* GIVEN MATERIAL *
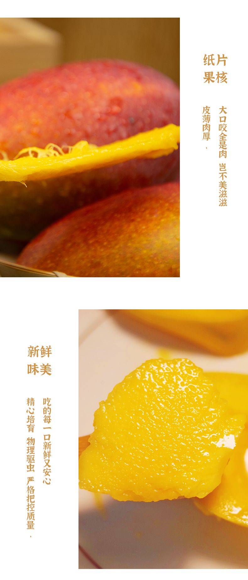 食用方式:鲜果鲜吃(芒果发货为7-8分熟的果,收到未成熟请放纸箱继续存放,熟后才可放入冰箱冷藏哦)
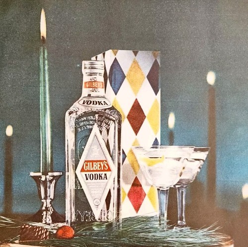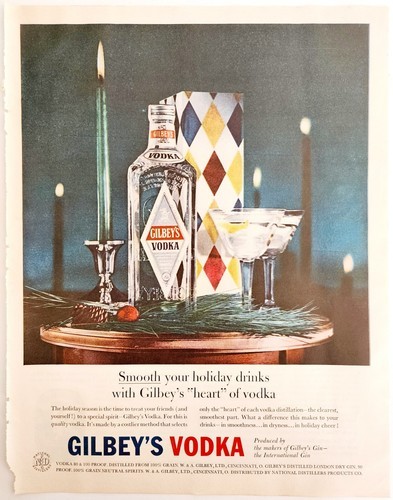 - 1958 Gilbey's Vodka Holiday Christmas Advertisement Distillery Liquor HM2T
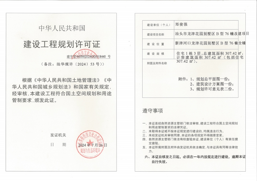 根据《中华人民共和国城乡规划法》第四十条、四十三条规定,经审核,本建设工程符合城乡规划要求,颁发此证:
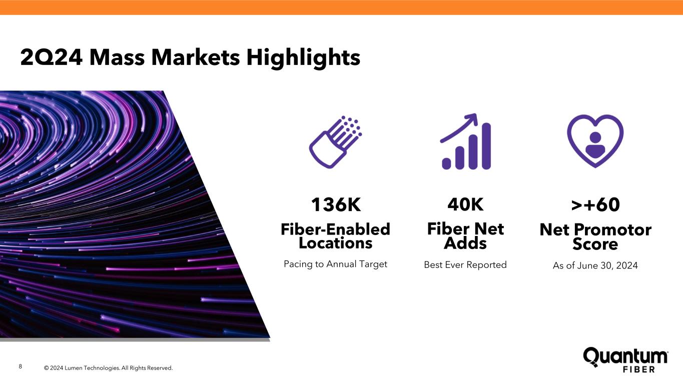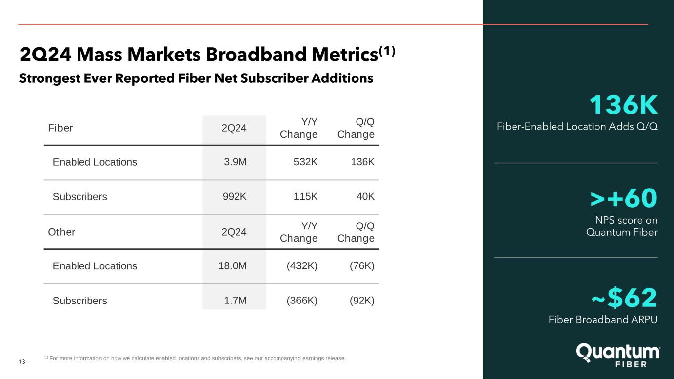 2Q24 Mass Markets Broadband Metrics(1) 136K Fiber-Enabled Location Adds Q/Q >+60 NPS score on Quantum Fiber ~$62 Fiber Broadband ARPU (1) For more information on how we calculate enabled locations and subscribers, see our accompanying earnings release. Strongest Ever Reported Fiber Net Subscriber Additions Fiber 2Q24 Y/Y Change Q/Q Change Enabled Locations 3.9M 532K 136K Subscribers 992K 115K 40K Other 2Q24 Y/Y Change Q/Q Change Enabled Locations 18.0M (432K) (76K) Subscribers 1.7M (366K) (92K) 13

* WORK ORDER *
Copy the final stretch of lines, starting at the one that holds "根据《中华人民共和国城乡规划" and ending at the last line of the data, exactly; omit pictures.

* REPLY TO THE TASK *
 根据《中华人民共和国城乡规划法》第四十条、四十三条规定,经审核,本建设工程符合城乡规划要求,颁发此证:
 2Q24 Mass Markets Broadband Metrics(1) 136K Fiber-Enabled Location Adds Q/Q >+60 NPS score on Quantum Fiber ~$62 Fiber Broadband ARPU (1) For more information on how we calculate enabled locations and subscribers, see our accompanying earnings release. Strongest Ever Reported Fiber Net Subscriber Additions Fiber 2Q24 Y/Y Change Q/Q Change Enabled Locations 3.9M 532K 136K Subscribers 992K 115K 40K Other 2Q24 Y/Y Change Q/Q Change Enabled Locations 18.0M (432K) (76K) Subscribers 1.7M (366K) (92K) 13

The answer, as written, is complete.